Chapter 29 Further Reading: Neural Networks for Sports Prediction

The following annotated bibliography provides resources for deeper exploration of the neural network concepts introduced in Chapter 29. Entries are organized by category and chosen for their relevance to building deep learning models for sports prediction.


Books: Deep Learning Foundations

1. Goodfellow, Ian, Bengio, Yoshua, and Courville, Aaron. Deep Learning. MIT Press, 2016. The definitive textbook on deep learning theory. The chapters on feedforward networks (Chapter 6), regularization (Chapter 7), optimization (Chapter 8), and recurrent networks (Chapter 10) provide rigorous mathematical foundations for every concept in Chapter 29. Freely available at deeplearningbook.org.
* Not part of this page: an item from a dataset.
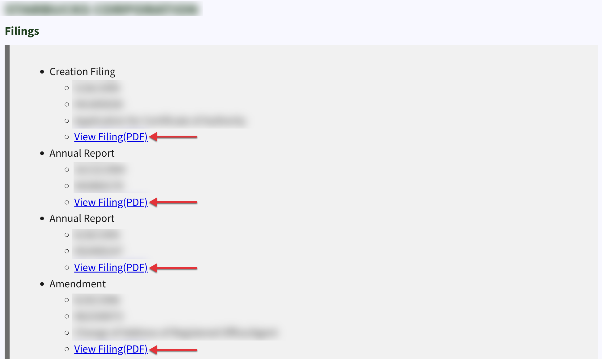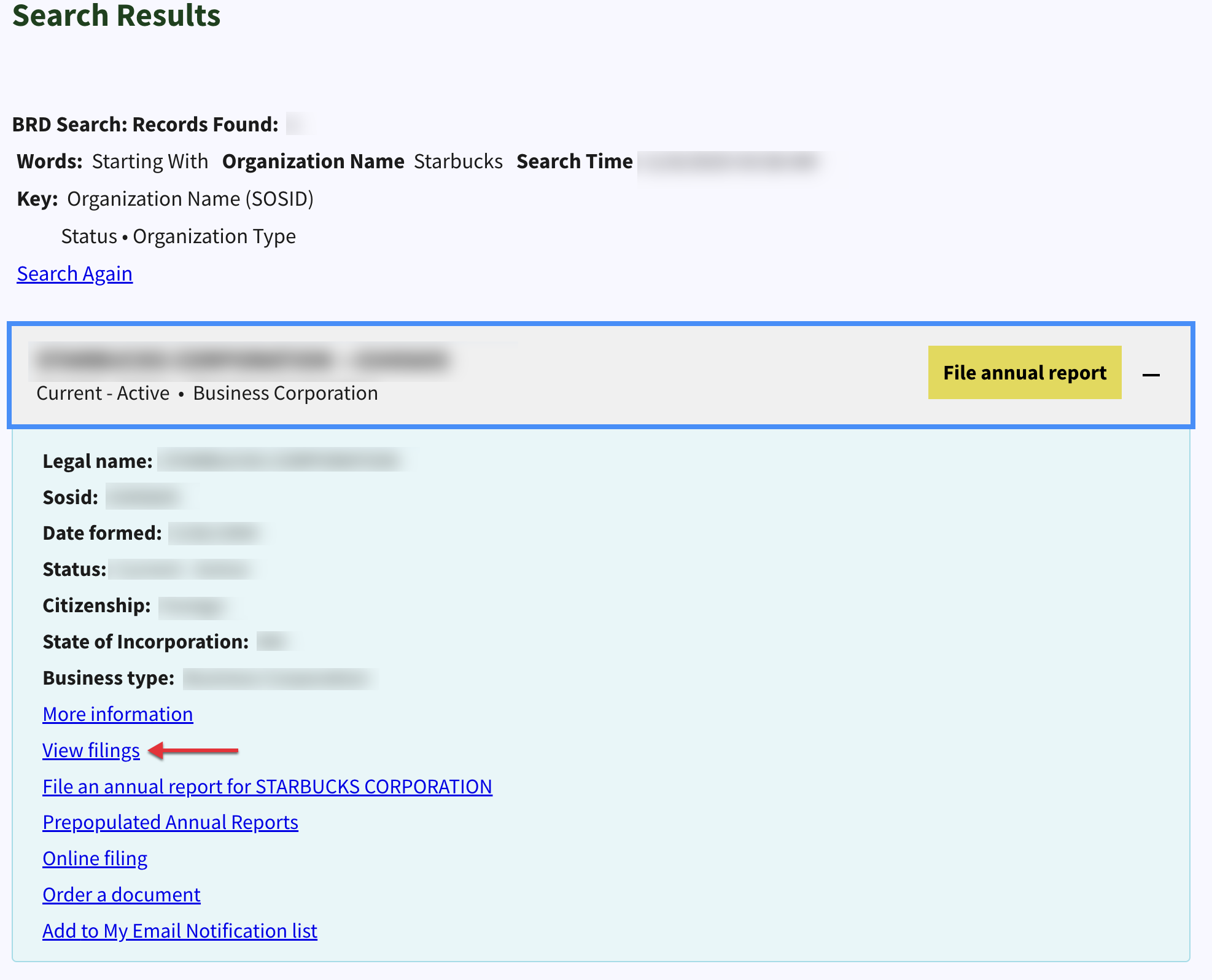 Review the information provided once the “More Information” link is selected. Then, to continue, locate the “View Filings” link near the top of this area to see a history of the entity’s paperwork actions with the state.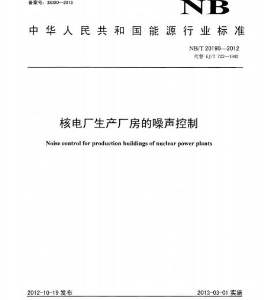 NB/T 20190适用于核电厂生产厂房和工作场所的噪声控制。

Essential for understanding why architectures and training procedures work the way they do.

2. Zhang, Aston, Lipton, Zachary C., Li, Mu, and Smola, Alexander J. Dive into Deep Learning. Cambridge University Press, 2023. A practical, code-first deep learning textbook with implementations in PyTorch, TensorFlow, and JAX. The LSTM and sequence model chapters include interactive notebooks that let you experiment with architecture variations. Particularly useful for the hands-on exercises in Chapter 29.

3. Howard, Jeremy and Gugger, Sylvain. Deep Learning for Coders with fastai and PyTorch. O'Reilly Media, 2020. A practitioner-oriented introduction to deep learning that emphasizes transfer learning and entity embeddings. Chapter 9 on tabular data and entity embeddings directly inspired the SportsEmbeddingNet architecture in this chapter. The fastai library's tabular learner demonstrates many of the patterns discussed here.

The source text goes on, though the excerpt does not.